▶ [Information shown]
=== Section Start ===
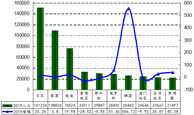 2019年位列出境旅游目的地前10位的国家和地区分别为日本、泰国、越南、香港地区、新加坡、俄罗斯、韩国、澳门地区、台湾地区、柬埔寨。在位列前10位的出境旅游目的地中,俄罗斯、柬埔寨、台湾地区、日本、越南出境人次增幅显著,增幅分别为61.36%、40.38%、26.87%、20.24%和19.98%。前往香港地区和新加坡的旅游者较往年有所减少,降幅为28.52%和5.56%。值得关注的是,持续低迷的韩国市场终于回暖,在2019年出境人次实现了井喷式增长,增幅高达556.72%,挤入前十排名。此外,选择缅甸、挪威、丹麦等出境旅游目的地的旅游者人次明显增多,出境人次分别为9147、1937和1177,增幅高达为2215.7%、257.38%和160.4%。
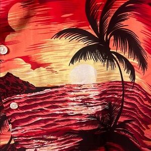 Hawaiian Vacation Red and Black Casual Button Down Shirt with Tropical Print
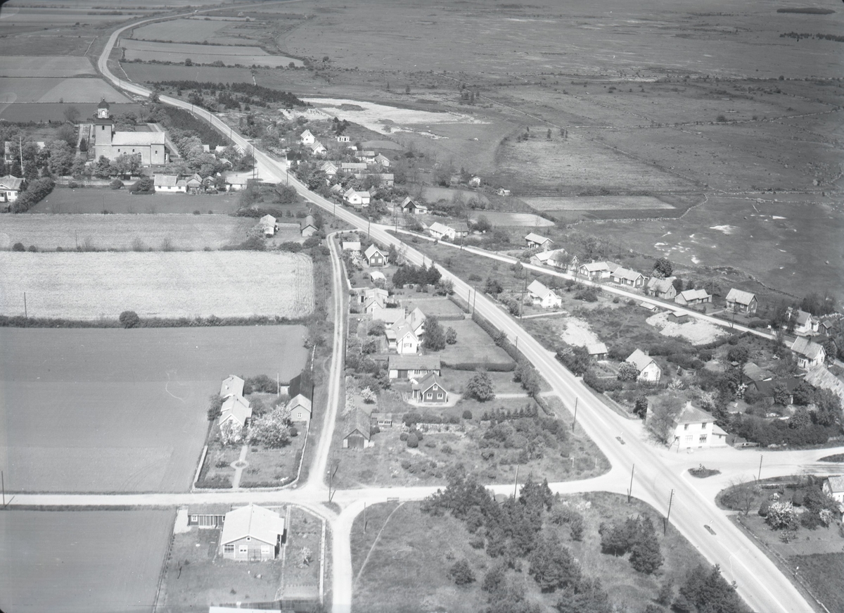 Flygfoto över Resmo. Samhället med kyrkan och hus samt vägar.
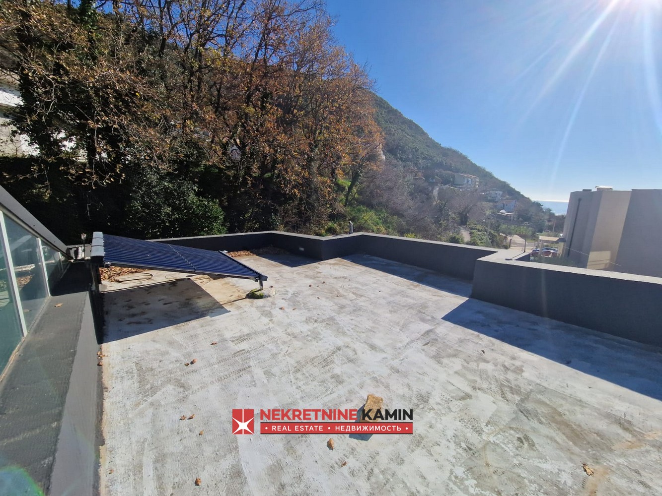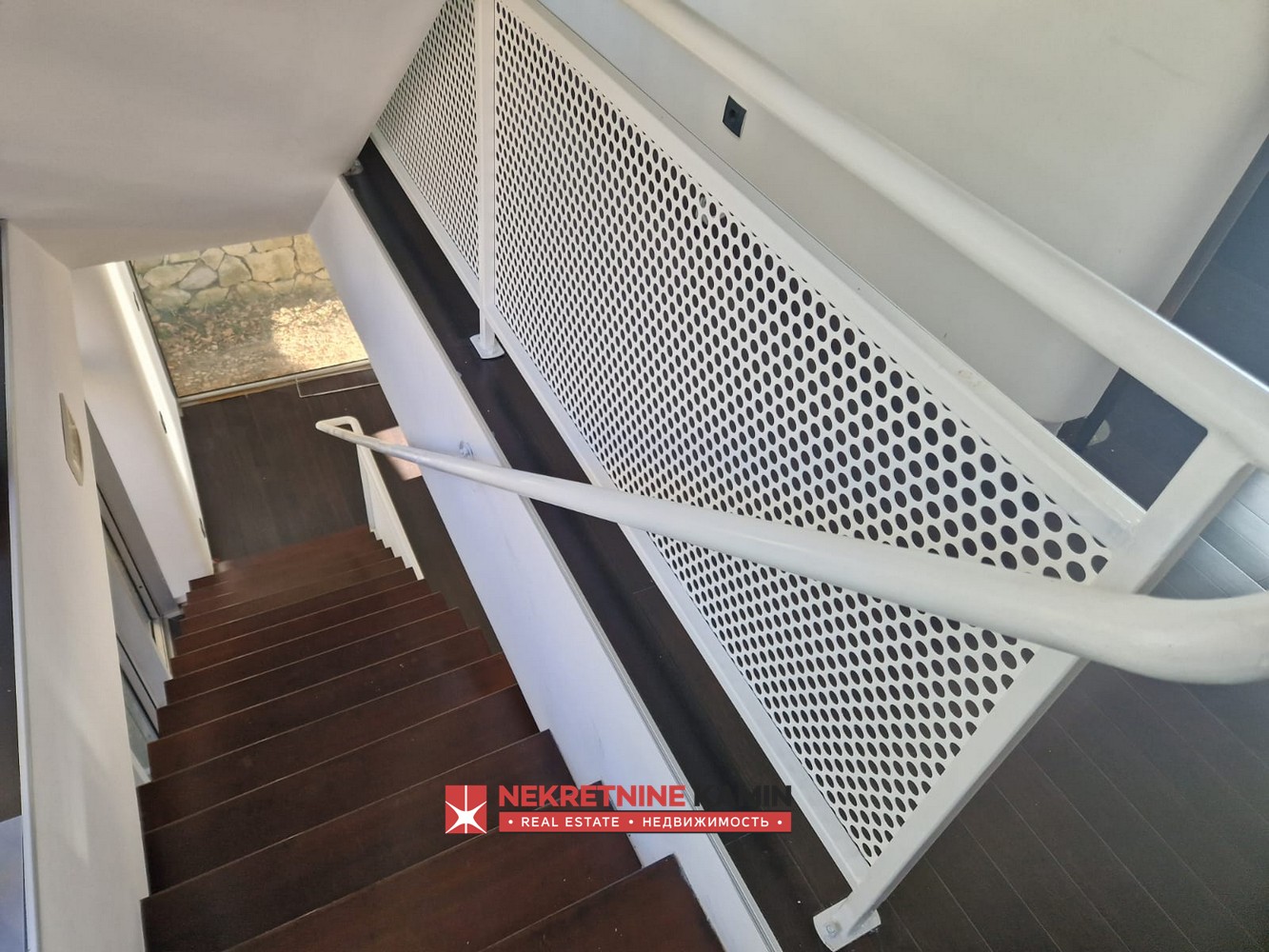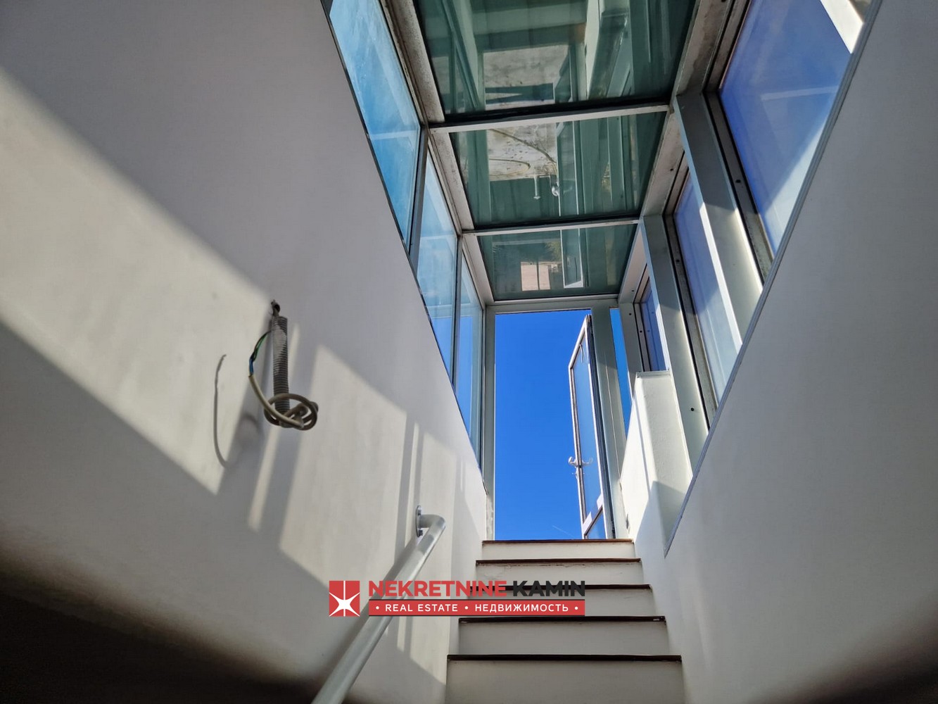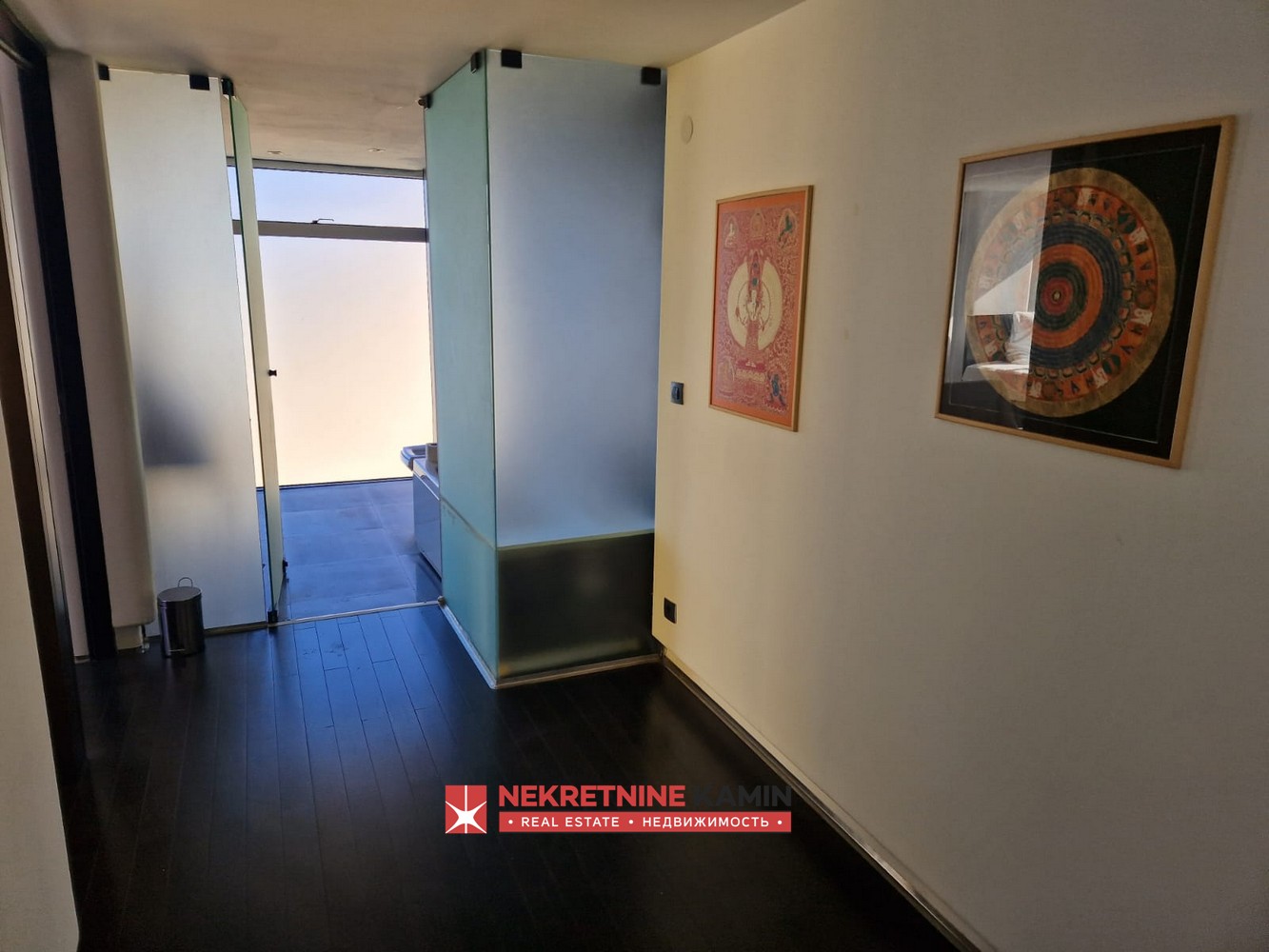 Krovna terasa, sa solarnim panelom i pogledom na more, projektovana je za letnju kuhinju. Kuća projektovana sa instalacijama za 'smart house' sistem i klimatizaciju već integrisanim u plafone.
=== Section End ===
Word for word, restate all of the material, omitting the images.

 2019年位列出境旅游目的地前10位的国家和地区分别为日本、泰国、越南、香港地区、新加坡、俄罗斯、韩国、澳门地区、台湾地区、柬埔寨。在位列前10位的出境旅游目的地中,俄罗斯、柬埔寨、台湾地区、日本、越南出境人次增幅显著,增幅分别为61.36%、40.38%、26.87%、20.24%和19.98%。前往香港地区和新加坡的旅游者较往年有所减少,降幅为28.52%和5.56%。值得关注的是,持续低迷的韩国市场终于回暖,在2019年出境人次实现了井喷式增长,增幅高达556.72%,挤入前十排名。此外,选择缅甸、挪威、丹麦等出境旅游目的地的旅游者人次明显增多,出境人次分别为9147、1937和1177,增幅高达为2215.7%、257.38%和160.4%。
 Hawaiian Vacation Red and Black Casual Button Down Shirt with Tropical Print
 Flygfoto över Resmo. Samhället med kyrkan och hus samt vägar.
 Krovna terasa, sa solarnim panelom i pogledom na more, projektovana je za letnju kuhinju. Kuća projektovana sa instalacijama za 'smart house' sistem i klimatizaciju već integrisanim u plafone.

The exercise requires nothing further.